Scientific classification
- Kingdom: Animalia
- Phylum: Chordata
- Class: Aves
- Order: Columbiformes
- Family: Columbidae
- Genus: Columba
- Species: C. guinea
- Binomial name: Columba guinea Linnaeus, 1758

= Speckled pigeon =

- Genus: Columba
- Species: guinea
- Authority: Linnaeus, 1758
- Conservation status: LC

Species of bird

The speckled pigeon (Columba guinea), also known as the African rock pigeon or Guinea pigeon, is a pigeon that is a resident breeding bird in much of Africa south of the Sahara. It is a common and widespread species in open habitats over much of its range, although there are sizable gaps in its distribution.

==Taxonomy==
In 1747 the English naturalist George Edwards included a description and an illustration of the speckled pigeon in the second volume of his A Natural History of Uncommon Birds. His hand-coloured etching was made from two live birds at the home of the Duke of Richmond in London. Edwards was told that the pigeons had been brought from the inland region of Guinea in West Africa. When in 1758 the Swedish naturalist Carl Linnaeus updated his Systema Naturae for the tenth edition, he placed the speckled pigeon with all the other pigeons in the genus Columba.
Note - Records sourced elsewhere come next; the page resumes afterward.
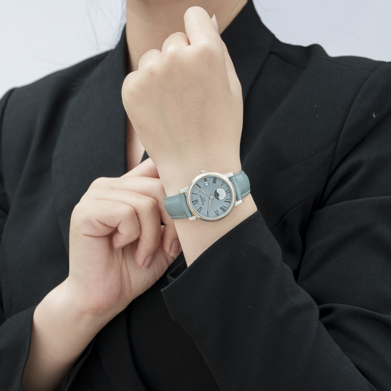 - Lịch Tuần Trăng Độc Đáo Tại Vị Trí 6 Giờ: Đây là một điểm nhấn đặc biệt của T-Classic Carson Premium. Chức năng lịch tuần trăng được bố trí tinh tế ở vị trí 6 giờ không chỉ mang tính ứng dụng cao mà còn tăng thêm vẻ đẹp lãng mạn, cổ điển cho mặt số.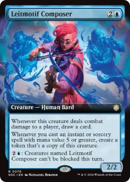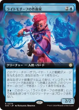 このクリーチャーがプレイヤー1人に戦闘ダメージを与えるたび、あなたはカード1枚を引く。 あなたがマナ総量が5以上であり、インスタントやソーサリーである呪文1つを唱えるたび、このクリーチャーのコピーであるトークン1体を生成する。 {2U}:このターン、「ライトモチーフの作曲家」という名前を持つすべてのクリーチャーはブロックされない。 |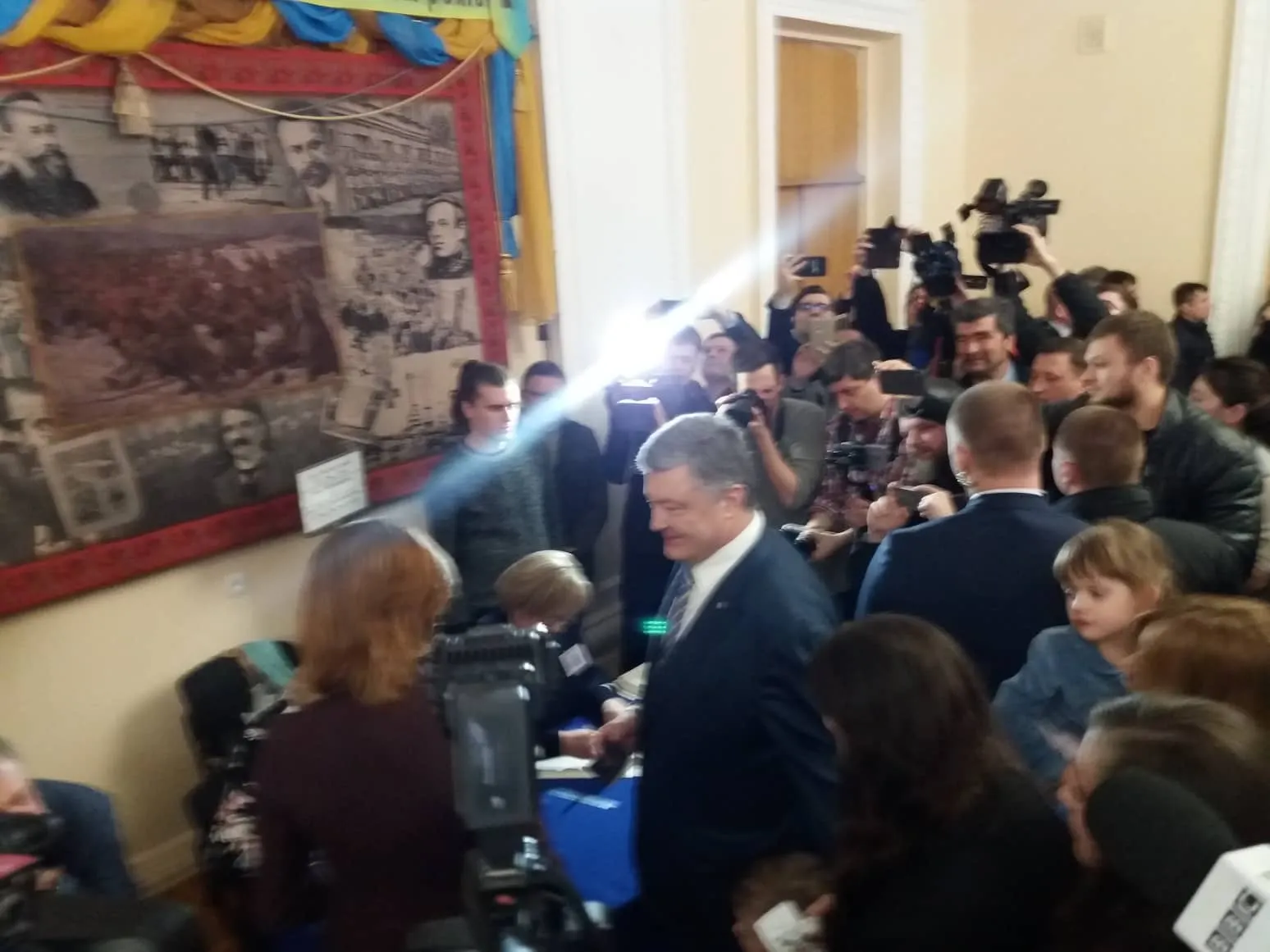 Близько 12:20 проголосував чинний президент України, який хоче переобратися на другий строк Петро Порошенко.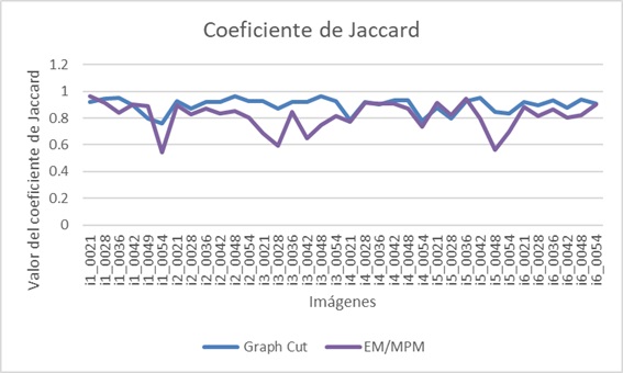 La figura 5 muestra la evaluación de la calidad de la segmentación con Graph Cut y EM/MPM a partir del coeficiente de Jaccard por cada imagen. Se aprecia igualmente, que existe una mayor fluctuación por paciente para el método EM/MPM que para Graph Cut y que en general este último muestra mayor precisión y por ende eficacia para la tarea prevista. (Fig. 8).

Linnaeus included a brief description, coined the binomial name Columba guinea and cited Edwards' work.

Despite the marked differences in plumage from the rock dove C. livia, speckled pigeon is closely related to it, and in captivity will hybridise with it; the hybrid males (but not the first-generation hybrid females) are fertile. Some speckled pigeon ancestry is present in many breeds of domesticated pigeon, showing it has been used in pigeon breeding over a long period. However speckled pigeon genes are absent in natural wild rock dove populations.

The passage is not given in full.